Dataset records
%%

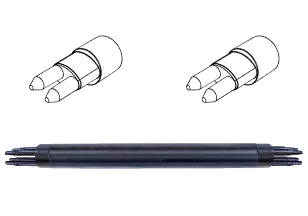 В муфте предусмотрено два овальных ввода. Таким образом, муфта может одновременно использоваться для ввода транзитной петли кабеля и ввода двух кабелей диаметром до 25 мм. В обоих случаях для герметизации необходимо дополнительно приобрести (Ввод №6).
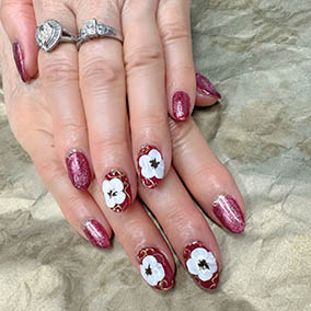2025年の開運カラーを使用したフラワーネイルアート。 |
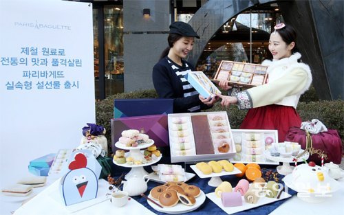 설을 앞두고 파리바게뜨가 16일 오전 서울 종로구 파리바게뜨 종로시그니처점에서 작은 빵과 다과로 구성한 실속형 설 선물을 선보였다.
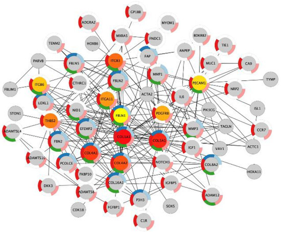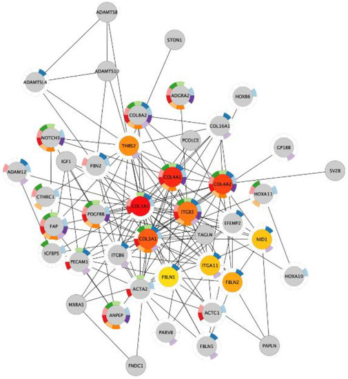 Next, we investigated if the shared upregulated genes in acidosis and bone metastasis belonged to the most important changes in acidosis. The overlap “Acidosis and Bone metastasis” was compared to “Acidosis”. The top five enrichment terms in “Acidosis” (Table 5) were also among the six more enriched terms in “Acidosis and Bone metastasis” (Table 6). These findings indicate that the adaptation of cancer cells to the bone microenvironment would favor fitness in acidic conditions by remodeling the extracellular matrix and enhancing angiogenesis. The bone marrow is more vulnerable to oxygen fluctuations [33], so angiogenesis could be a strategy to survive in this microenvironment. Additionally, the top seven nodes of the “Acidosis” network (Figure 4) were present among the top ten nodes of “Acidosis and Bone metastasis” (Figure 5): COL1A1, COL3A1, COL4A1, COL4A2, ITGB3, THBS2, and ITGA11. In other words, the main genes involved in adaptation to acidosis are included in the transcriptomic changes in MDA-MB-231 bone metastasis.
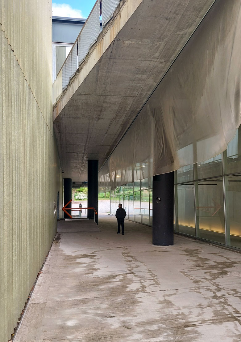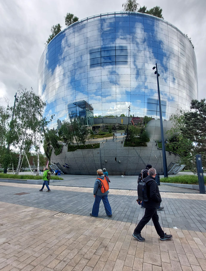 La fachada reflectante del Depósito, tiene un punto surrealista y forma un enorme espejo que incorpora el skyline de Róterdam como paisaje prestado («shakkei») al Museumpark.
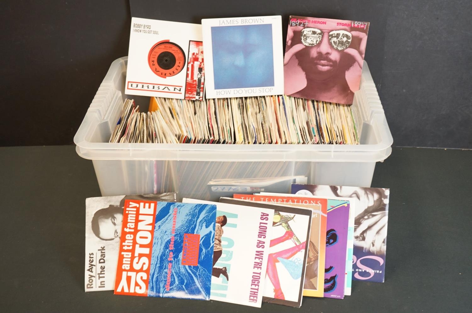 Vinyl - Over 150 Northern Soul, Soul, Funk, Boogie, Pop 7" singles including Bobby Byrd, James Brown, Gil Scott Heron, Sly & The Family Stone, Roy Ayers, George Clinton, The Temptations, Aretha Franklin, Prince, Ben E King. Mainly in picture sleeves (Ex), Vinyl Ex. From the Granada Television / Yorkshire Television music library, therefore most have library stickers/numbers to sleeve or vinyl or both.

%%

- _Task prompt_
Go from the first line of the data above to the line containing "설을 앞두고 파리바게뜨가" and retype exactly those lines, both included, but none of the pictures.

- _Answer for this exercise_
 В муфте предусмотрено два овальных ввода. Таким образом, муфта может одновременно использоваться для ввода транзитной петли кабеля и ввода двух кабелей диаметром до 25 мм. В обоих случаях для герметизации необходимо дополнительно приобрести (Ввод №6).
2025年の開運カラーを使用したフラワーネイルアート。 |
 설을 앞두고 파리바게뜨가 16일 오전 서울 종로구 파리바게뜨 종로시그니처점에서 작은 빵과 다과로 구성한 실속형 설 선물을 선보였다.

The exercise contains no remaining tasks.